Ni son fils ni sa fille n’avaient jamais débordé d’affection pour la Victorine. Aussi s’étonna-t-on de voir ces deux-là se disputer la garde de la vieille lorsqu’à quatre-vingts ans passés il lui fallut se résoudre à quitter la masure qu’elle occupait depuis son enfance. Ce n’était point tant le fait de l’âge qui la contraignait à abandonner ainsi les lieux où elle avait toujours vécu, mais son état mental, qui s’était considérablement dégradé dans les dernières années. Oh, elle avait encore des moments de lucidité, la Victorine, ce qui expliquait d’ailleurs qu’elle finit par accepter son exil, mais la plupart du temps son esprit battait la campagne. On la rencontrait régulièrement par les chemins, courbée sous le faix de quelque fagot et marmonnant pour elle-même d’obscures vaticinations, et on hochait la tête, apitoyé devant son refus de répondre à vos bons offices :
— Montez donc dans la carette, la mé, l’détour par chez vous ne s’ra pas ben grand.
Elle passait son chemin sans même vous remercier de la politesse.
— Ce que c’est que de nous, tout de même… soupiraient ceux qui, secrètement vacillants, redoutaient pour eux-mêmes semblable dérive. On en connaissait tant qui étaient ainsi partis de la tête.
Une des lubies de la vieille était de notoriété publique l’idée fixe qui la tenait de posséder un trésor caché.

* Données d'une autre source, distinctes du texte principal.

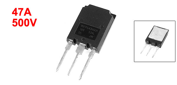 Details500V 47Amp High Voltage Current NPN Power Transistor IRFPS43N50K  Product Name NPN Transistor Model No. IRFPS43N50K Collector Current 47A Collector Emitter Voltage 500V Pin Length 15mm / 0.59" Total Size 35 x 15 x 5mm /1.4" x 0.59" x 0.2" (L*W*H) Main Material Silicon, Metal Main Color Black, Silver Tone Weight 7g Package 1 x NPN Transistor

— On verra ben un jour, on verra ben… répétait-elle à qui voulait l’entendre.
On riait bien sûr de cette folie, même si elle en laissait plus d’un songeur. On rit moins quand la Simone et le Baptiste commencèrent à se quereller pour savoir lequel des deux accueillerait la Victorine. Pour sûr, on ne fait rien pour rien et l’on sait que le sentiment est d’abord l’intérêt, pas ? Y aurait-il donc eu du vrai dans ce qui passait jusqu’alors pour divagation ?
Le Baptiste y allait de son couplet de bon fils :
— Vous serez à votre aise chez nous, la mé… Et puis je suis t-y pas l’aîné ? On sait ce qu’on se doit !
La Simone n’était pas en reste. Mariée à un valet de ferme qui passait plus de temps au cabaret qu’aux champs, elle tirait le diable par la queue, affligée qu’elle était en outre d’un enfant infirme qui, aveugle de naissance, n’était qu’une bouche à nourrir.
— Le Félicien aurait ben besoin de compagnie, savez-vous, moi je compte pour rien, avec toute la besogne…
Ce fut Victorine qui trancha au bout du compte : elle se retirerait chez sa fille. Non qu’elle la préférât à ce grand flandrin de Baptiste, mais la pensée du petit la remuait. De ce jour, son fils la tint pour morte.
Dans la maisonnée, on s’habitua vite à les voir tout au long du jour au coin de l’âtre, la vieille folle et l’infirme. Ils ne se parlaient guère, mais leur connivence éclatait. C’était comme si les mots avaient été superflus entre eux. Elle le regardait parfois en souriant, pendant qu’il lui caressait timidement de la main le bras ou le visage.
— Mon besot… murmurait-elle.
Tôt sevré de tendresse, Félicien découvrait avec sa grand-mère le bonheur d’une présence aimante.